WORK TO COMPLETE
Copy out the entries below exactly as they stand, but only from the line containing "The Manchester United" through the line containing "rear floor has".

SOURCE DATA

=== Begin Enclosure ===

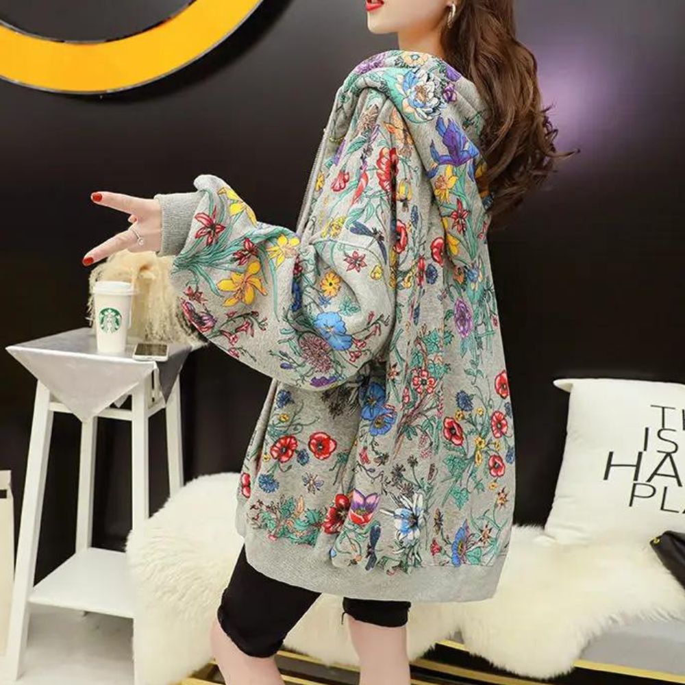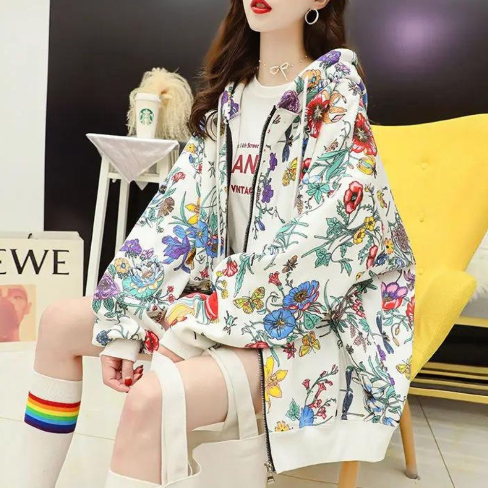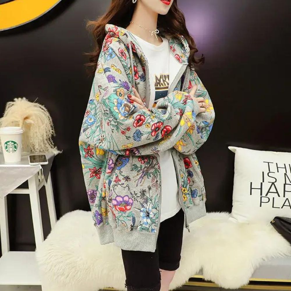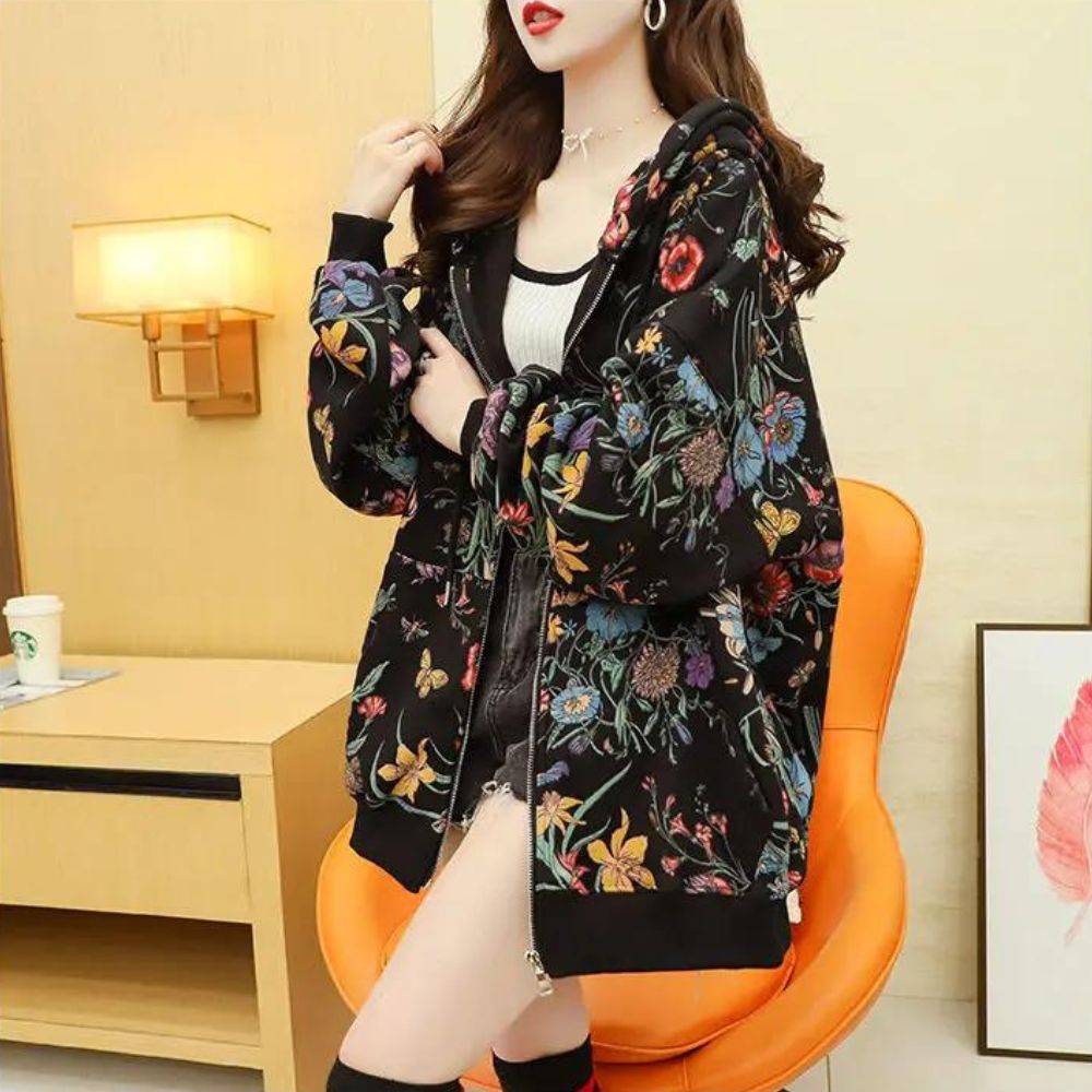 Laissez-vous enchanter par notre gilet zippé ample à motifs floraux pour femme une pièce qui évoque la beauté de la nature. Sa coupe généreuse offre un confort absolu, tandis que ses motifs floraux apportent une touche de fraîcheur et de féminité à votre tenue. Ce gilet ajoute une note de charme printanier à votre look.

=== End Enclosure ===
=== Begin Enclosure ===

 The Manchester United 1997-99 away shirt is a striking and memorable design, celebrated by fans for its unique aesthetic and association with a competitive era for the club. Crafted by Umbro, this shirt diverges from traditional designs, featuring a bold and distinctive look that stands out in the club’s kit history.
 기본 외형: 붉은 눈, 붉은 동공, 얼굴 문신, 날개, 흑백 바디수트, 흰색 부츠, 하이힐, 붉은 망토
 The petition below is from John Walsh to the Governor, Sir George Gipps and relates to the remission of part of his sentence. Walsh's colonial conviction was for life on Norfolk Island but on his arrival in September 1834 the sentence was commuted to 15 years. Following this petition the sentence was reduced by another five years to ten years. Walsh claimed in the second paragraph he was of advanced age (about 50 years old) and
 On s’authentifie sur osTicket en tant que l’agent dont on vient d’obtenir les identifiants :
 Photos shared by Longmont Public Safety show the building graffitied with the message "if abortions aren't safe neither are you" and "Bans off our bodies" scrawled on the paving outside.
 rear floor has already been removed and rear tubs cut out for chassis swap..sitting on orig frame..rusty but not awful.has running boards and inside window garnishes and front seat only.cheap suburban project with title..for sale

=== End Enclosure ===

THE COMPLETED TASK
 The Manchester United 1997-99 away shirt is a striking and memorable design, celebrated by fans for its unique aesthetic and association with a competitive era for the club. Crafted by Umbro, this shirt diverges from traditional designs, featuring a bold and distinctive look that stands out in the club’s kit history.
 기본 외형: 붉은 눈, 붉은 동공, 얼굴 문신, 날개, 흑백 바디수트, 흰색 부츠, 하이힐, 붉은 망토
 The petition below is from John Walsh to the Governor, Sir George Gipps and relates to the remission of part of his sentence. Walsh's colonial conviction was for life on Norfolk Island but on his arrival in September 1834 the sentence was commuted to 15 years. Following this petition the sentence was reduced by another five years to ten years. Walsh claimed in the second paragraph he was of advanced age (about 50 years old) and
 On s’authentifie sur osTicket en tant que l’agent dont on vient d’obtenir les identifiants :
 Photos shared by Longmont Public Safety show the building graffitied with the message "if abortions aren't safe neither are you" and "Bans off our bodies" scrawled on the paving outside.
 rear floor has already been removed and rear tubs cut out for chassis swap..sitting on orig frame..rusty but not awful.has running boards and inside window garnishes and front seat only.cheap suburban project with title..for sale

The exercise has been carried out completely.